Exactly reproduce the line containing "6 1800's Boston" and all later lines to the end of the entries, leaving the pictures out of your copy.

DATA SUPPLIED:
########
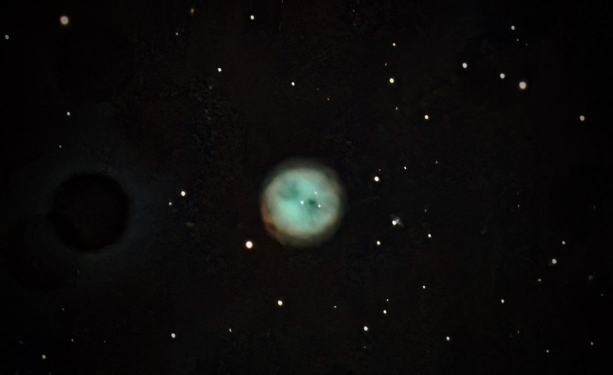 この後に撮影したプレアデス星団は周辺減光の激しい更にボヤけた画像となったので、夜露でレンズに曇りが発生したのが原因かもしれない。
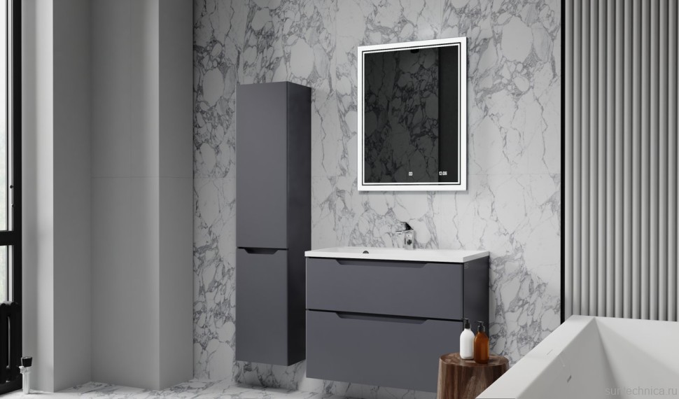 - Комплектация: Тумба под раковину Raval Wector, 80, подвесная, антрацит; Мебельная раковина Madera Classica, 80
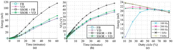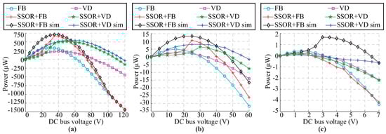 We replace with a DC voltage source to determine the harvester’s power according to the DC bus voltage. In addition, switching frequency is set at 5 kHz. It is worth noting that, for large harvester, SSOR topologies (i.e., SSOR connected to FB and SSOR connected to VD) outperforms traditional management circuits, by supplying more power, as shown Figure 6a. Although harvesting considerably more energy with reduced dimensions (i.e., smaller electrodes) is practically accessible (see Figure 6b), if the harvester length is significantly reduced full-bridge rectifier is the optimal option (see Figure 6c). The most common reason for this phenomenon is power losses in the bidirectional switch for SSOR topologies.
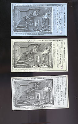 6 1800's Boston Electric Co. trade cards,Blodgett Bros..ads for lighting
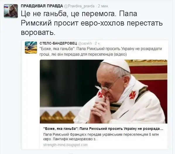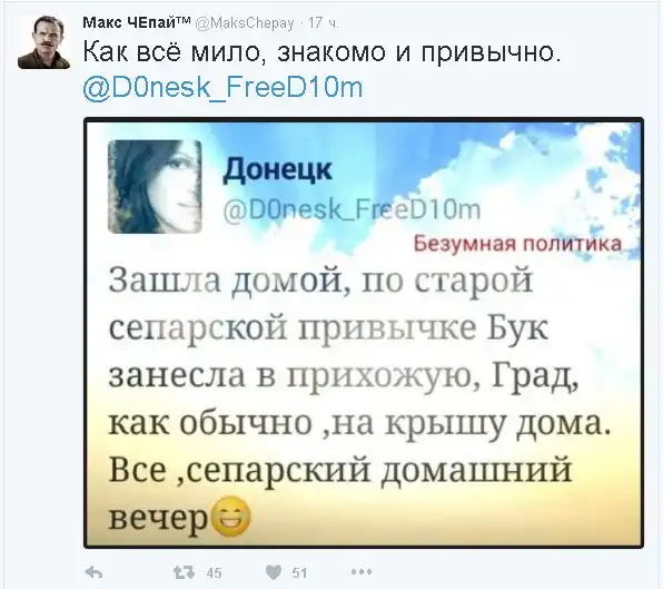 Вчерашнее очень позабавило ,думал что такими вбросами только кастрюлеголовые свидомиты занимаются, а нет нашлась и у нас гнилая интеллигенция .
########
REPLY:
 6 1800's Boston Electric Co. trade cards,Blodgett Bros..ads for lighting
 Вчерашнее очень позабавило ,думал что такими вбросами только кастрюлеголовые свидомиты занимаются, а нет нашлась и у нас гнилая интеллигенция .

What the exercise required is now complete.